Source information below:

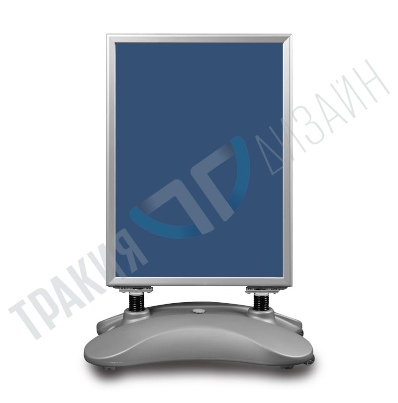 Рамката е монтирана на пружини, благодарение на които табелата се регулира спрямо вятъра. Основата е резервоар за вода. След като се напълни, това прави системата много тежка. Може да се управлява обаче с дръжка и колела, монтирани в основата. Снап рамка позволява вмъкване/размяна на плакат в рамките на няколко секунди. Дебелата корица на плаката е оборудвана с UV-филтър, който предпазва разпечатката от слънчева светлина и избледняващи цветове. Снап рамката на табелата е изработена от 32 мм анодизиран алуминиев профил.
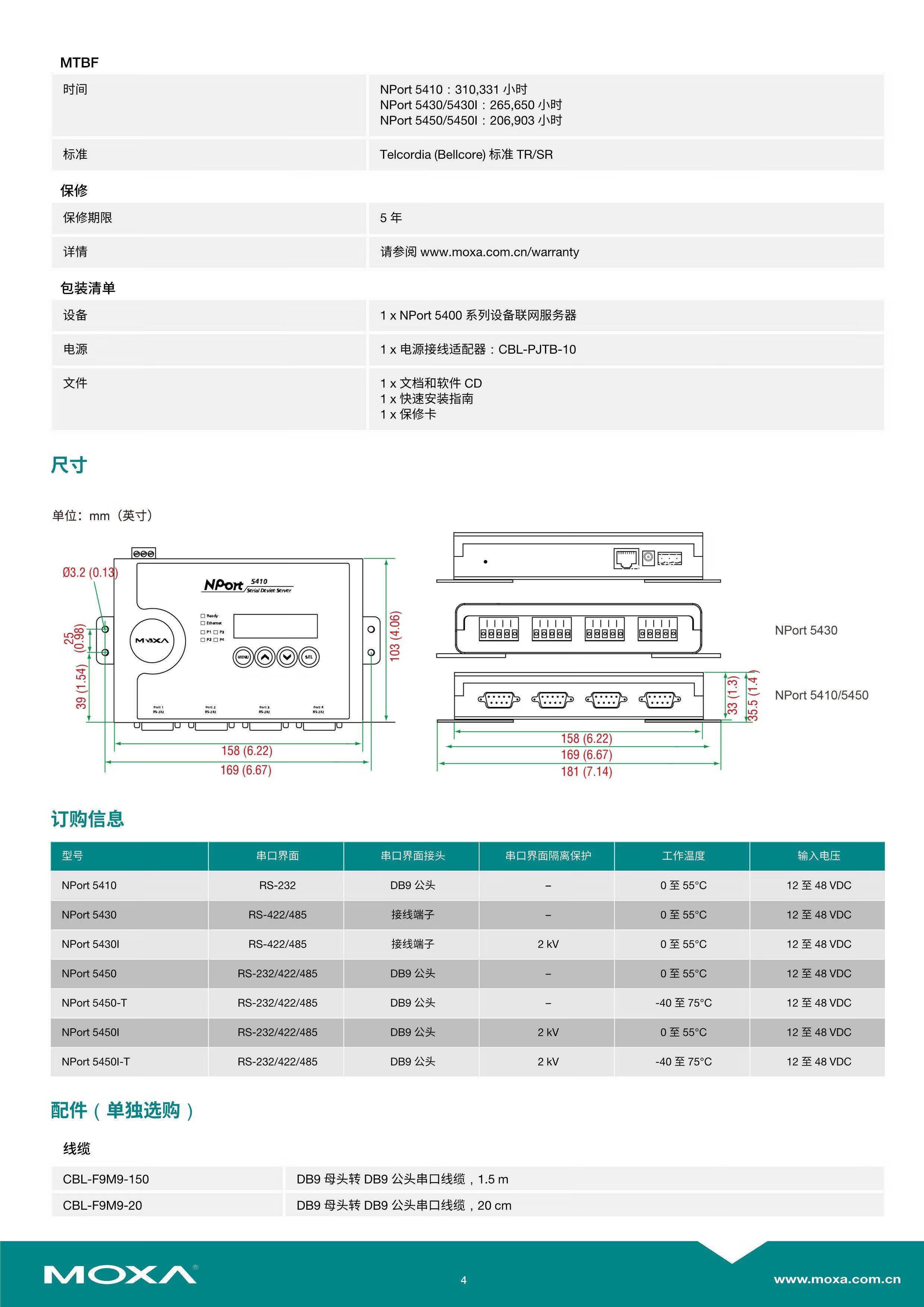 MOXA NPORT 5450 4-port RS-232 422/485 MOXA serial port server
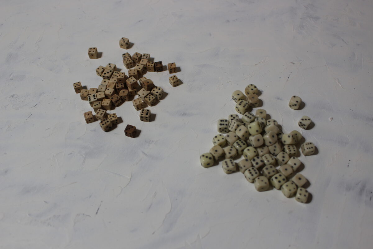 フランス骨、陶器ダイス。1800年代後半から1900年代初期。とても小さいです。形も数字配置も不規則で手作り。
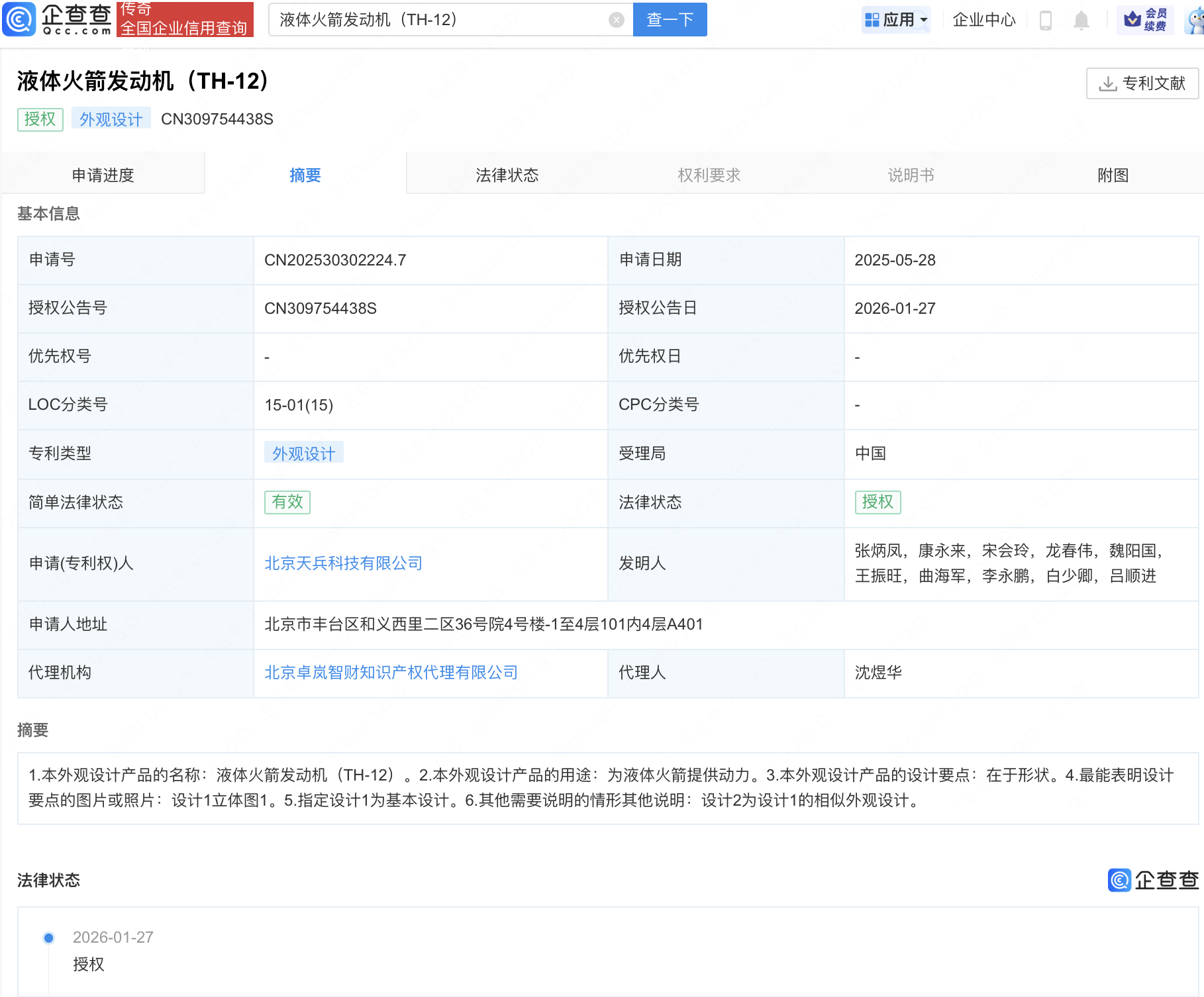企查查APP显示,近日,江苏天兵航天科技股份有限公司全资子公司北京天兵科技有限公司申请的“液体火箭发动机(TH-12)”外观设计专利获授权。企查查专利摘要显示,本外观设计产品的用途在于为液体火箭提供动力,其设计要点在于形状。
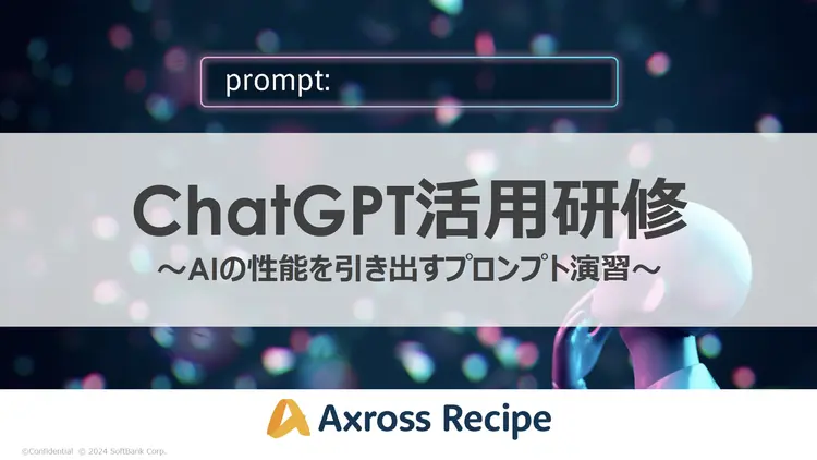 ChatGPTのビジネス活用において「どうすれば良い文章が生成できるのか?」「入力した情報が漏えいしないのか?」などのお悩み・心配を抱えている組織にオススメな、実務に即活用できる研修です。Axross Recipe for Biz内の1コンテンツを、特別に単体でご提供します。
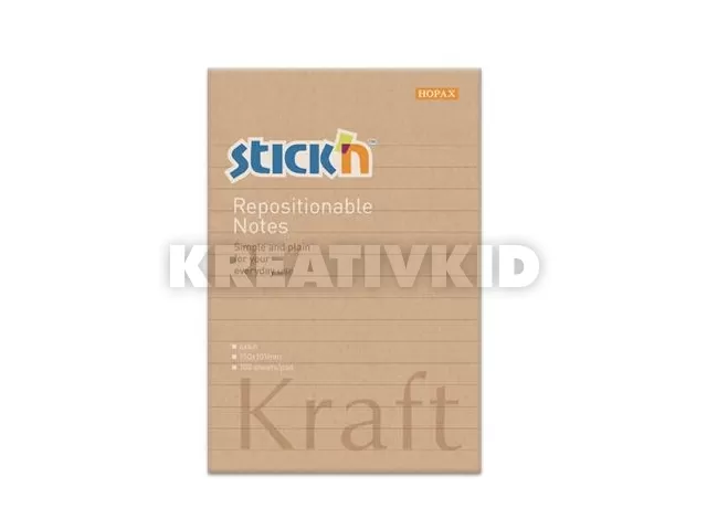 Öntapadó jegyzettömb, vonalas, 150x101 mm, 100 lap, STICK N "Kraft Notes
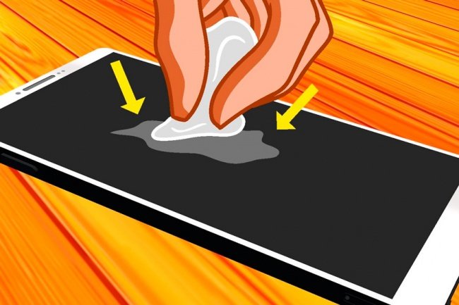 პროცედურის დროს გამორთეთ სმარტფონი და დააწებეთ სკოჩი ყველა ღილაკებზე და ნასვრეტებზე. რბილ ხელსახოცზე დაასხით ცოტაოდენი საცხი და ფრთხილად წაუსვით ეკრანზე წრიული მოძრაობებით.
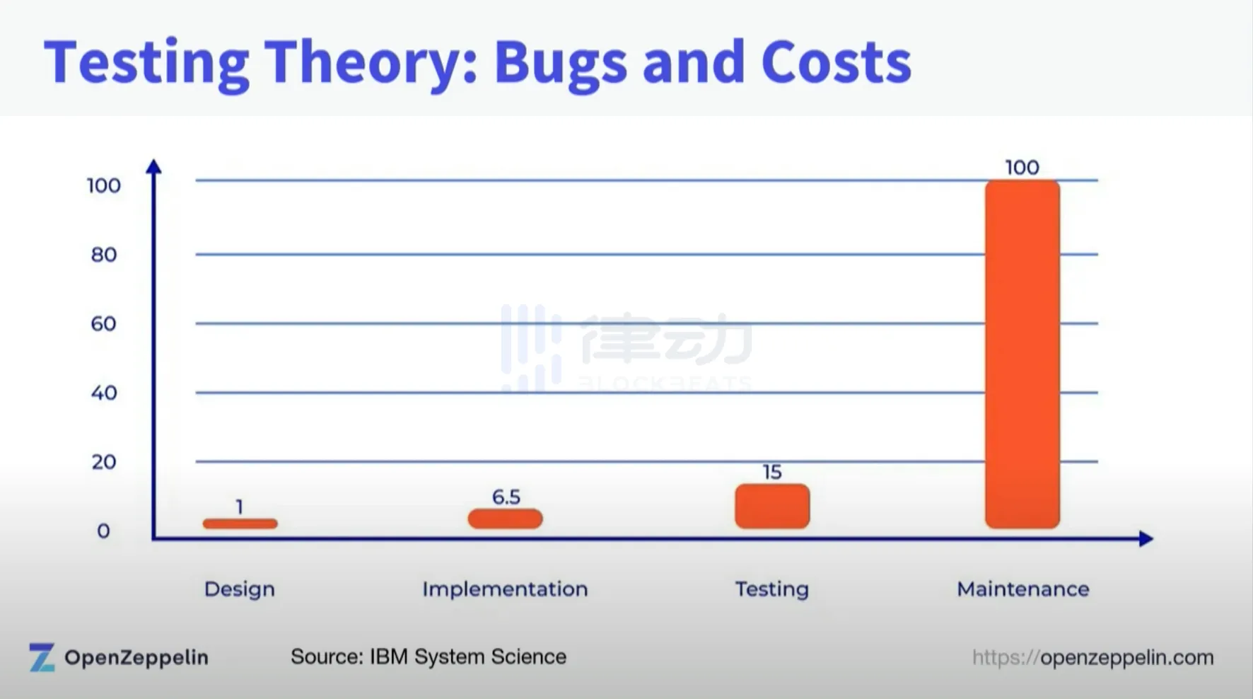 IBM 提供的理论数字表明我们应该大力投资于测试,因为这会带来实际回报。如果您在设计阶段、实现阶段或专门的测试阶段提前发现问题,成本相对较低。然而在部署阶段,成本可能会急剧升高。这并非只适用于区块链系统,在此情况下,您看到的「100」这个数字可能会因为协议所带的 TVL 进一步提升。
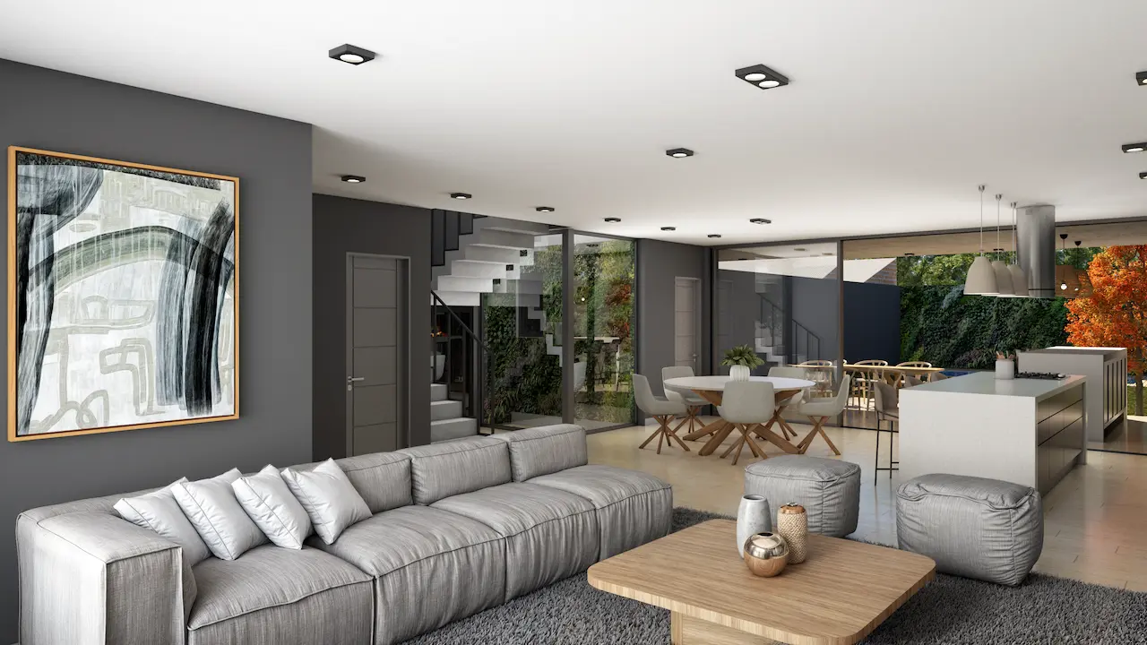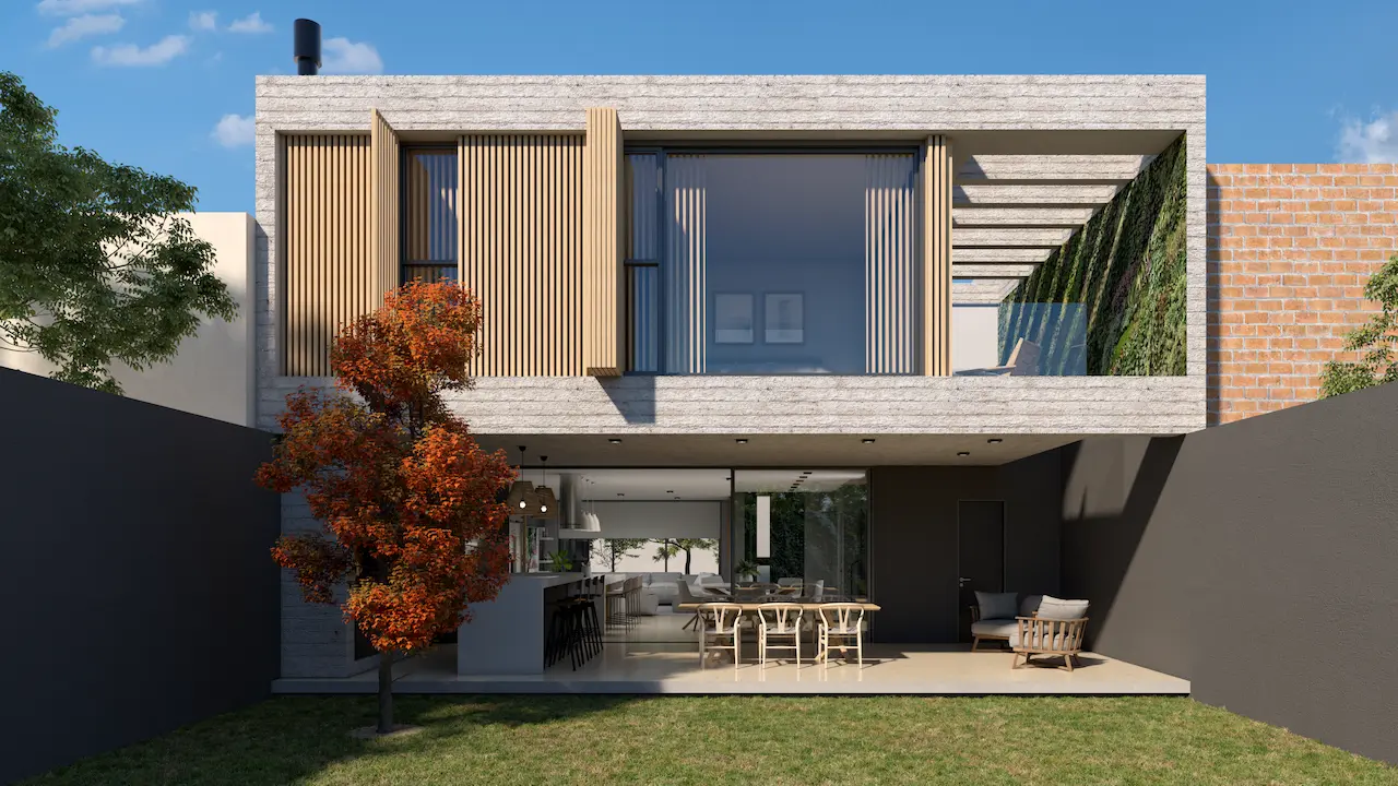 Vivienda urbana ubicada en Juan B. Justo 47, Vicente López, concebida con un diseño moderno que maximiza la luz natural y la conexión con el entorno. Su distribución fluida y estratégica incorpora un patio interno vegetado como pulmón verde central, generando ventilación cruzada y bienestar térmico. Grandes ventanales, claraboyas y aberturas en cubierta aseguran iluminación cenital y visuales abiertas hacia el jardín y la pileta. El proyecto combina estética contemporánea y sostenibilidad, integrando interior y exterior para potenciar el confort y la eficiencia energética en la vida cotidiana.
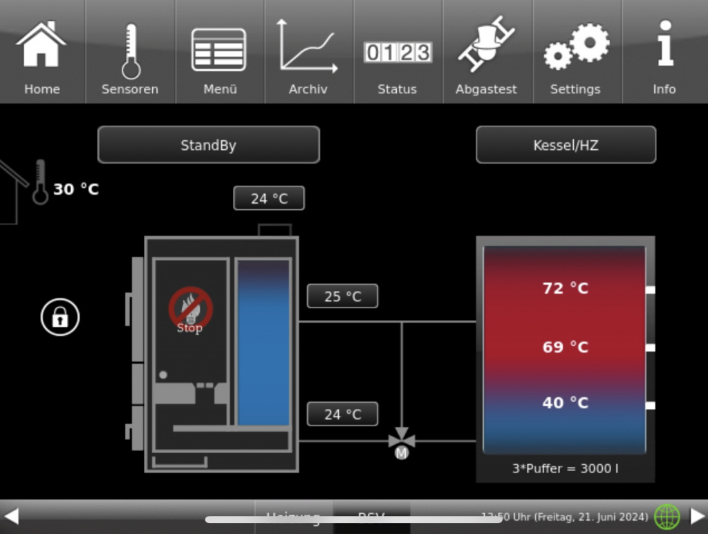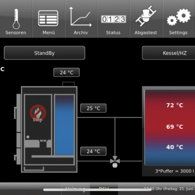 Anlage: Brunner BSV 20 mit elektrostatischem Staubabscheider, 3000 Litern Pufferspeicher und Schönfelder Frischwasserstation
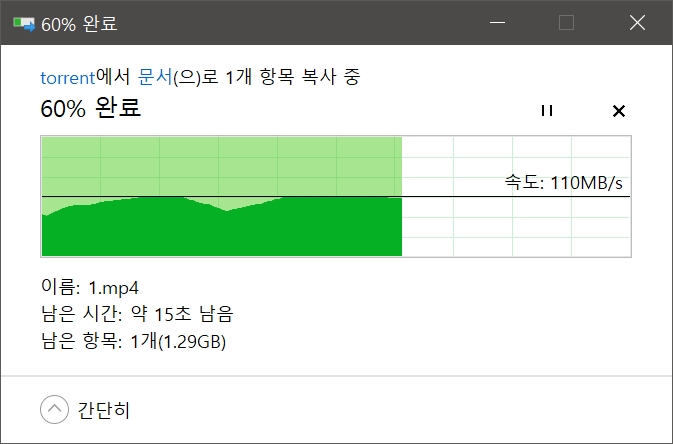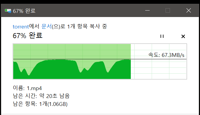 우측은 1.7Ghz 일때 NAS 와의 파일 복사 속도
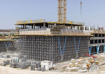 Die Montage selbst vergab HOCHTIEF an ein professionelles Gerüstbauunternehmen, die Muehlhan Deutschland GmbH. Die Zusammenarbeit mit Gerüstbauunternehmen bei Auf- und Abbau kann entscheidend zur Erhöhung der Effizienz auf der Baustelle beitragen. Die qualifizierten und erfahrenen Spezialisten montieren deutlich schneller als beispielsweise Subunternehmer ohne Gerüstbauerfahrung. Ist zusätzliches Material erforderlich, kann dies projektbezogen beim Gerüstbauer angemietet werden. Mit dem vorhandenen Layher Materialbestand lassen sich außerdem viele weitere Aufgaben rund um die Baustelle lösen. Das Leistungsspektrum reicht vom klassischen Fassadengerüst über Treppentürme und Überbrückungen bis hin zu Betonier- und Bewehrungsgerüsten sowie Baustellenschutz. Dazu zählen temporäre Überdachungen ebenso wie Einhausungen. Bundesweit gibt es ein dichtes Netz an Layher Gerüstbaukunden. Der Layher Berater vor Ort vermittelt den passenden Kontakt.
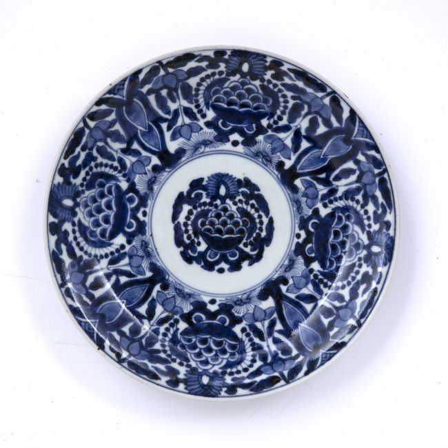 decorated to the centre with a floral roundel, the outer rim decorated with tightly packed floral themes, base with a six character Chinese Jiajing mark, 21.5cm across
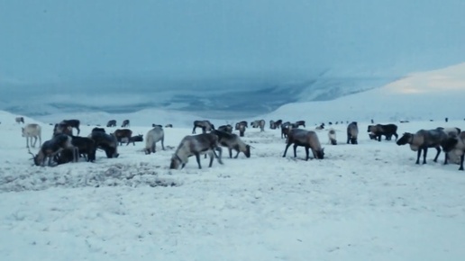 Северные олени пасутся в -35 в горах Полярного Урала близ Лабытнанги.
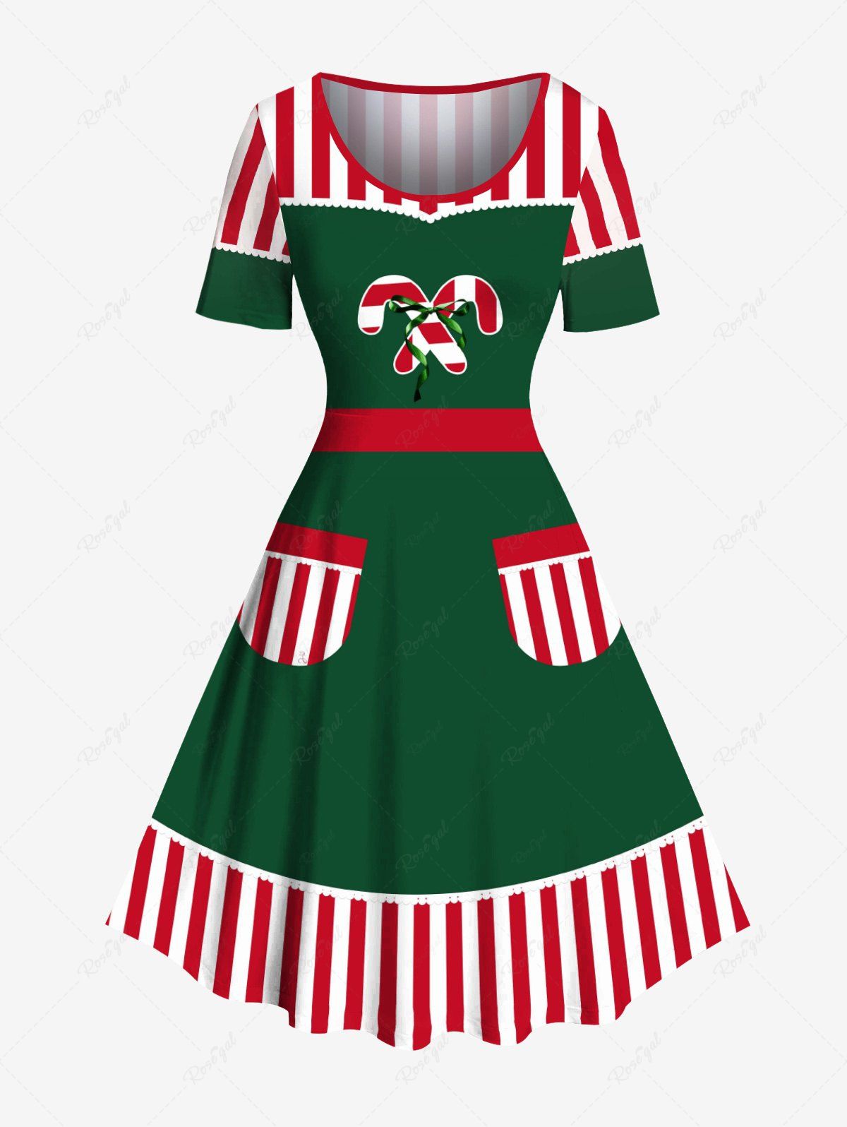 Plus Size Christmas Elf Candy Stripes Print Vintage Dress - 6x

End of Source information.

Task instructions -
Repeat only what lies between the start of the data and the end of the line containing "Vivienda urbana ubicada", exactly, with pictures left out.

Written solution -
 Рамката е монтирана на пружини, благодарение на които табелата се регулира спрямо вятъра. Основата е резервоар за вода. След като се напълни, това прави системата много тежка. Може да се управлява обаче с дръжка и колела, монтирани в основата. Снап рамка позволява вмъкване/размяна на плакат в рамките на няколко секунди. Дебелата корица на плаката е оборудвана с UV-филтър, който предпазва разпечатката от слънчева светлина и избледняващи цветове. Снап рамката на табелата е изработена от 32 мм анодизиран алуминиев профил.
 MOXA NPORT 5450 4-port RS-232 422/485 MOXA serial port server
 フランス骨、陶器ダイス。1800年代後半から1900年代初期。とても小さいです。形も数字配置も不規則で手作り。
企查查APP显示,近日,江苏天兵航天科技股份有限公司全资子公司北京天兵科技有限公司申请的“液体火箭发动机(TH-12)”外观设计专利获授权。企查查专利摘要显示,本外观设计产品的用途在于为液体火箭提供动力,其设计要点在于形状。
 ChatGPTのビジネス活用において「どうすれば良い文章が生成できるのか?」「入力した情報が漏えいしないのか?」などのお悩み・心配を抱えている組織にオススメな、実務に即活用できる研修です。Axross Recipe for Biz内の1コンテンツを、特別に単体でご提供します。
 Öntapadó jegyzettömb, vonalas, 150x101 mm, 100 lap, STICK N "Kraft Notes
 პროცედურის დროს გამორთეთ სმარტფონი და დააწებეთ სკოჩი ყველა ღილაკებზე და ნასვრეტებზე. რბილ ხელსახოცზე დაასხით ცოტაოდენი საცხი და ფრთხილად წაუსვით ეკრანზე წრიული მოძრაობებით.
 IBM 提供的理论数字表明我们应该大力投资于测试,因为这会带来实际回报。如果您在设计阶段、实现阶段或专门的测试阶段提前发现问题,成本相对较低。然而在部署阶段,成本可能会急剧升高。这并非只适用于区块链系统,在此情况下,您看到的「100」这个数字可能会因为协议所带的 TVL 进一步提升。
 Vivienda urbana ubicada en Juan B. Justo 47, Vicente López, concebida con un diseño moderno que maximiza la luz natural y la conexión con el entorno. Su distribución fluida y estratégica incorpora un patio interno vegetado como pulmón verde central, generando ventilación cruzada y bienestar térmico. Grandes ventanales, claraboyas y aberturas en cubierta aseguran iluminación cenital y visuales abiertas hacia el jardín y la pileta. El proyecto combina estética contemporánea y sostenibilidad, integrando interior y exterior para potenciar el confort y la eficiencia energética en la vida cotidiana.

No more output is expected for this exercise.